A couple who won accolades for adopting dozens of handicapped children were acquitted Wednesday of charges they let three youngsters die of neglect and abused others with cattle prods and beatings. They were convicted, however, of racketeering and forgery.
The split verdict capped the yearlong trial of Dennis and Diane Nason and followed seven days of jury deliberation. The couple had adopted 84 children in addition to their six biological children and raised them in a 33-room farmhouse.The Nasons remained free pending sentencing Feb. 6; each could get anything from probation to 20 years.
Diane Nason said she felt vindicated because she felt the manslaughter and child abuse charges were the most important. She said she and her husband simply adopted too many children.
"My heart was bigger than it should have been. I don't think I was wrong. I don't know anything about racketeering. All we had was a mob of kids."

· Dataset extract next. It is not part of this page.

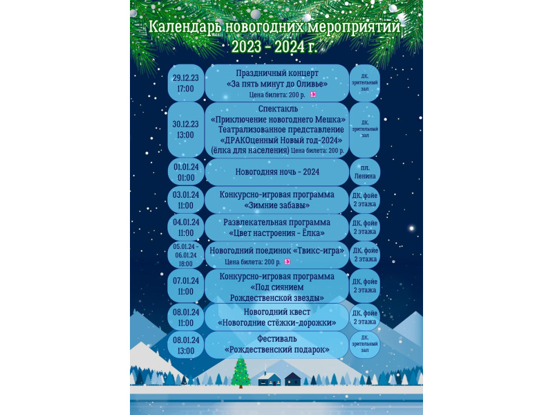 Афиша новогодних мероприятий «Починковского культурно-досугового центра».

Prosecutors accused the couple of allowing three small children to die neglected in their beds - an infant girl who died of starvation in 1988, and a boy of about 2 and a girl of about 4 who died of a form of dysentery called shigella in 1985, days apart.

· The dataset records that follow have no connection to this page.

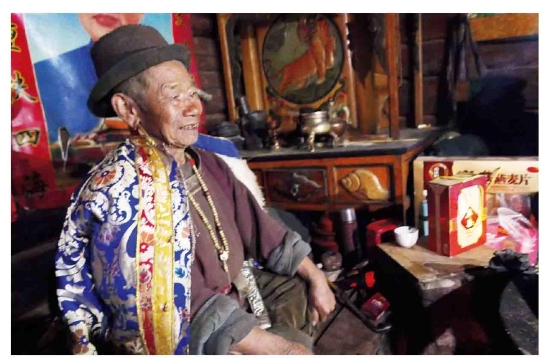 达祖村最资深和有名望的老东巴杨久阿(2016年摄)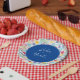 Blauer Regenwald mit blauem Rosa bei Evergreen Wed Pappteller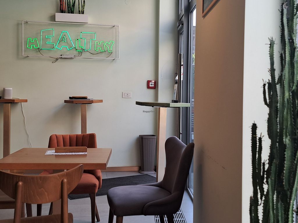 Read morePros: Nice interior design, The entire menu is plant-based, Outlet for charging & Wi-Fi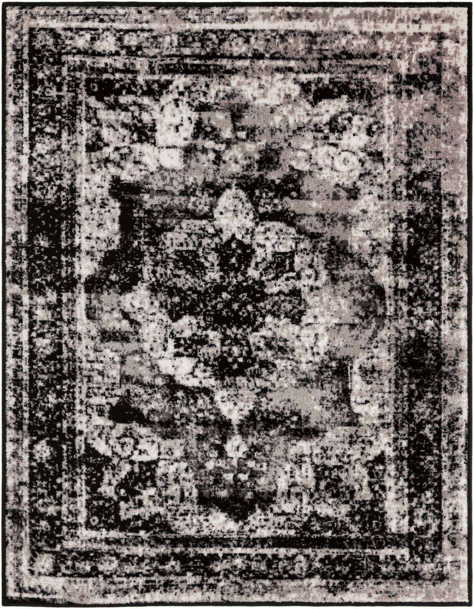 Primary color is Black. Colors in this rug include: Black, Gray, Ivory.

Dennis Nason was acquitted of manslaughter in the children's deaths, while Diane Nason was acquitted on two of three manslaughter charges. The jury was deadlocked on the third count.
Their forgery conviction involved falsifying records to adopt more children. The racketeering charge alleged they ran their family as a criminal enterprise, adopting more and more children to keep money coming in from contributors.
The Nasons countered they were victims of a witch hunt by state child welfare workers who did nothing to help them care for children no one else wanted.